Is there a closed form for the growing of the population of Minecraft cow? [duplicate]
Solution 1:
This is OEISA061418, interestingly the "example" is about Minecraft. The given solution for the $n$th term is
$$ a(n) = \lceil K*(3/2)^n \rceil $$
where $K=1.0815136685\dots$ and $K=(2/3) K(3)$ where the decimal expansion of $K(3)$ is here.

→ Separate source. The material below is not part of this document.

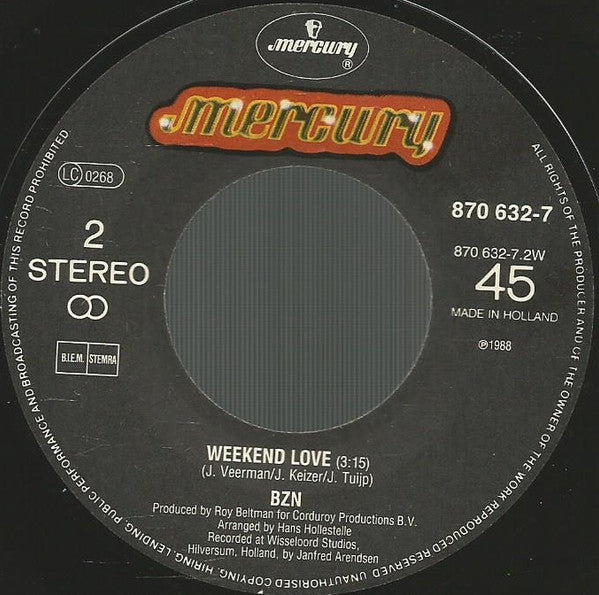 Track A 'La Primavera' was originally written as 'Een Droom Is Nu Voor Ons Voorbij' in 1987 for Koos Alberts by Jan Keizer. It was recorded by Koos before his tragic car-accident, which occured on 29-10-1987. It was released as a track on the 1988 album [m970601. In the meantime the other bandmembers of BZN had the idea to re-use the song for themselves, and recorded the track with Italian lyrics as 'La Primavera'. BZN had help with the Italian lyrics by Ton Doodeman, a friend of Jan Tuijp, but he's uncredited for this on the release. In fact the BZN song is a cover of Koos' song, instead of the other way around.

For clarification as to how this formula is used, suppose you want to know how many cows you have after the $10$th breeding cycle. First,
$$ K*(3/2)^n = (1.0815136685)*(3/2)^{10} \approx 62.3655 $$
Now we have to take the ceiling of this number, which just means rounding it up to the nearest integer. Therefore,
$$ a(10) = \lceil K*(3/2)^n \rceil = \lceil 62.3655 \rceil = 63 $$
which agrees with the sequence. Note that for very large $n$, you may need to use a more exact value of $K$ (which is why I posted that second link.)
Solution 2:
What you are looking for is the solution to the recurrence: $$T(1) = 2$$ $$T(n) = T(n-1) + \left\lfloor \frac{T(n-1)}{2} \right\rfloor$$ Indeed this function grows as an exponential, since it behaves asymptotically like $$T(n) \approx 2 \left( \frac{3}{2} \right)^{n - 1}$$ Since $T(n)$ is always an integer, we can rewrite the recurrence as $$T(n) = \left\lfloor \frac{3}{2} T(n-1) \right \rfloor$$ This gives an efficient way to compute $T(n)$ iteratively. I'm not sure there is a useful closed form.
Solution 3:
To restate what you've written: at each stage, if $N$ is the number of cows before breeding, then the number of additional cows is $\lfloor N/2 \rfloor$ (see the floor function defined here).
As a recurrence relation, we can state the following:
Let $N(k)$ be the number of cows after $k$ stages of breeding. Then $N$ satisfies the recurrence relation $$ N(k+1) = N(k) + \lfloor N(k)/2 \rfloor $$ With $N(0) = 2$. I'm not sure if there's a neat non-recursive expression for $N$ as a function of $k$, but at the very least this is a start.